Aunque apenas tenía trece años, Carl estaba empleado en la hullera para abrir y
cerrar, al paso de las vagonetas de carbón, una de esas puertas de aire que son
indispensables para la ventilación de las galerías, obligando a la corriente a que siga una
dirección determinada. Estando la casa que tenía alquilada su madre demasiado alejada
del pozo Albrecht, desde donde tenía que regresar todas las noches a su aposento, le
habían asignado, además, otra tarea nocturna en el fondo de la misma mina. Estaba
encargado de cuidar y limpiar seis caballos en su cuadra subterránea, en tanto que el
palafrenero había subido afuera.
La vida de Carl se deslizaba, pues, casi por completo a quinientos metros bajo la
superficie terrestre. Durante el día, estaba de centinela junto a la puerta de aire; por la
noche, dormía sobre la paja, junto a los caballos. Sólo el domingo por la mañana volvía a la
luz y podía aprovechar por algunas horas este patrimonio común a todos los hombres: el
sol, el cielo azul y la sonrisa maternal.

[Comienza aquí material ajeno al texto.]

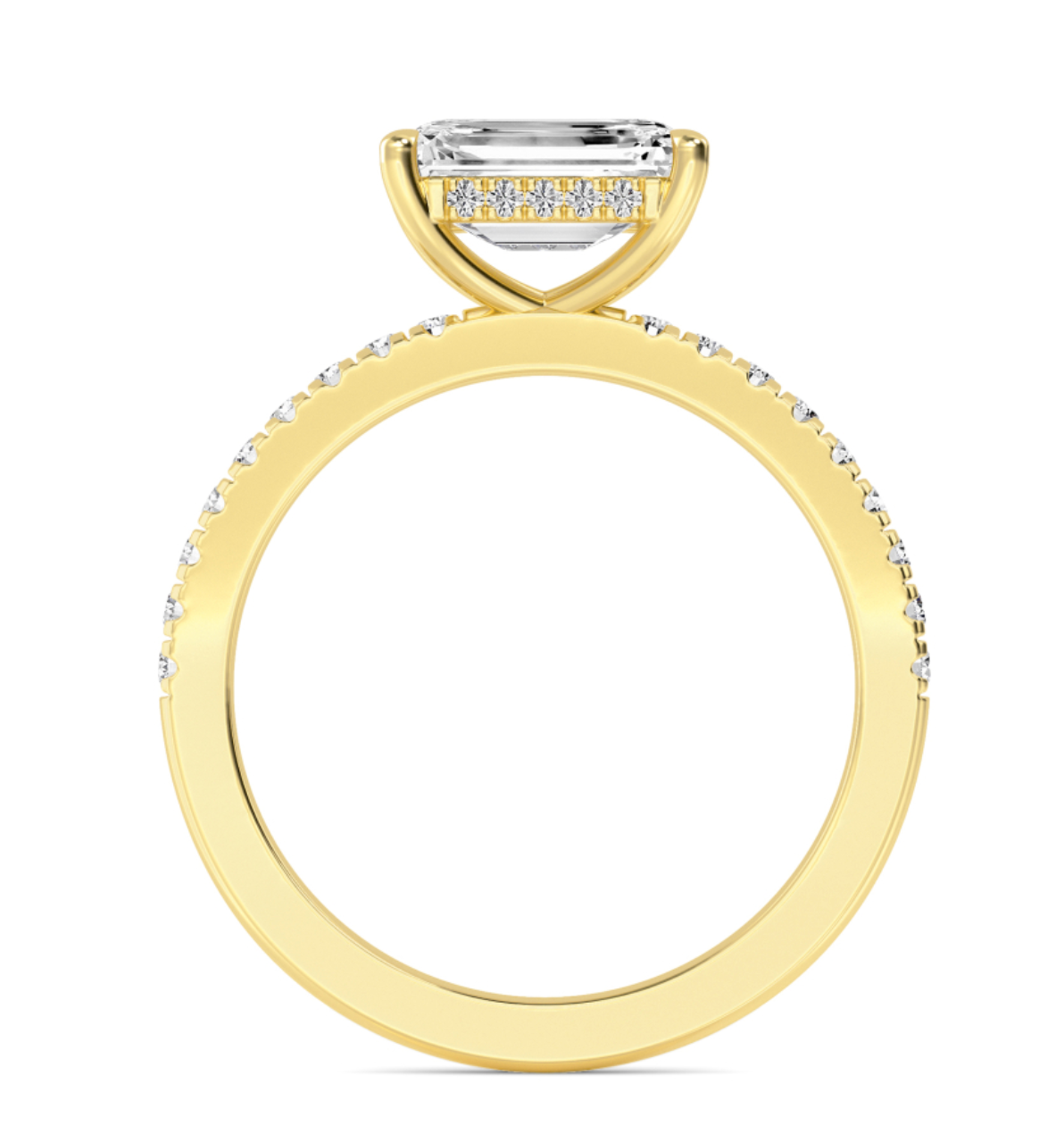 Emerald Cut East West Shoulder Set Lab Diamond Engagement Ring (Floating Head) (1ct+)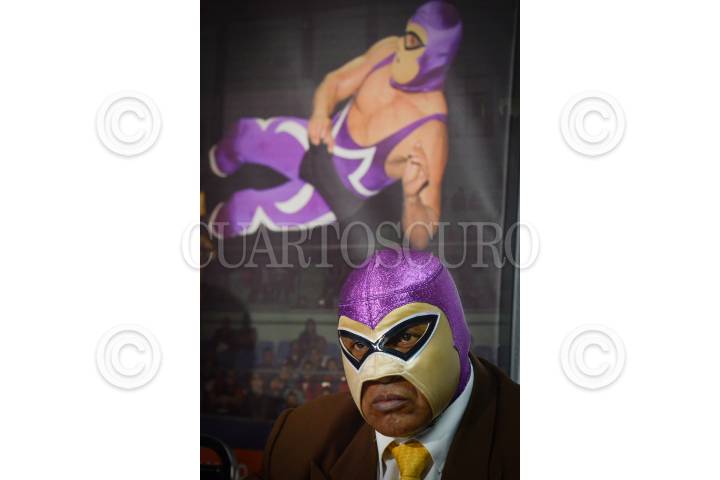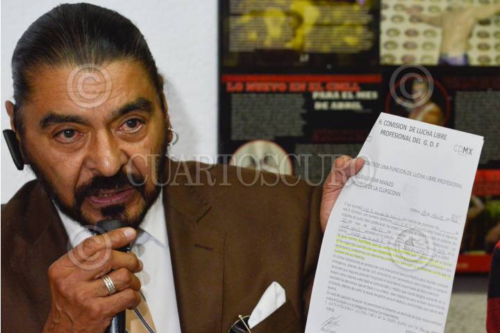 José Antonio Becerril "El Fantasma", comisionado de Lucha Libre Profesional de la capital, durante conferencia de prensa en la que se anunció la suspensión indefinida del luchador Einar "El Vikingo".

Como podrá suponerse, después de una semana semejante, cuando salía del pozo, su
aspecto no era el de un «gomoso» precisamente. Parecía más bien un gnomo de hechicería,
un deshollinador o un negro papú. Entonces, la señora Bauer empleaba generalmente una
hora larga en lavarlo a conciencia con agua caliente y jabón. Luego le hacía que se pusiera
un buen traje de paño verde, confeccionado con un desecho paterno que extraía de las
profundidades de su gran armario de abeto, y, desde aquel instante hasta la noche, no
dejaba de admirar a su hijo, que le parecía el más hermoso del mundo.
Despojado de su sedimento de carbón, Carl no era, en verdad, más feo que cualquier
otro. Sus cabellos rubios y sedeños, sus ojos azules y dulces hacían buen contraste con su
tez, de una blancura excesiva; pero su cuerpo era demasiado exiguo para su edad. Aquella
vida sin sol le estaba dejando tan anémico que parecía una lechuga, hasta el extremo de
que el cuenta-glóbulos del doctor Sarrasin, aplicado a la sangre del pequeño, hubiera
acusado una cantidad más que insuficiente de caudal hemático.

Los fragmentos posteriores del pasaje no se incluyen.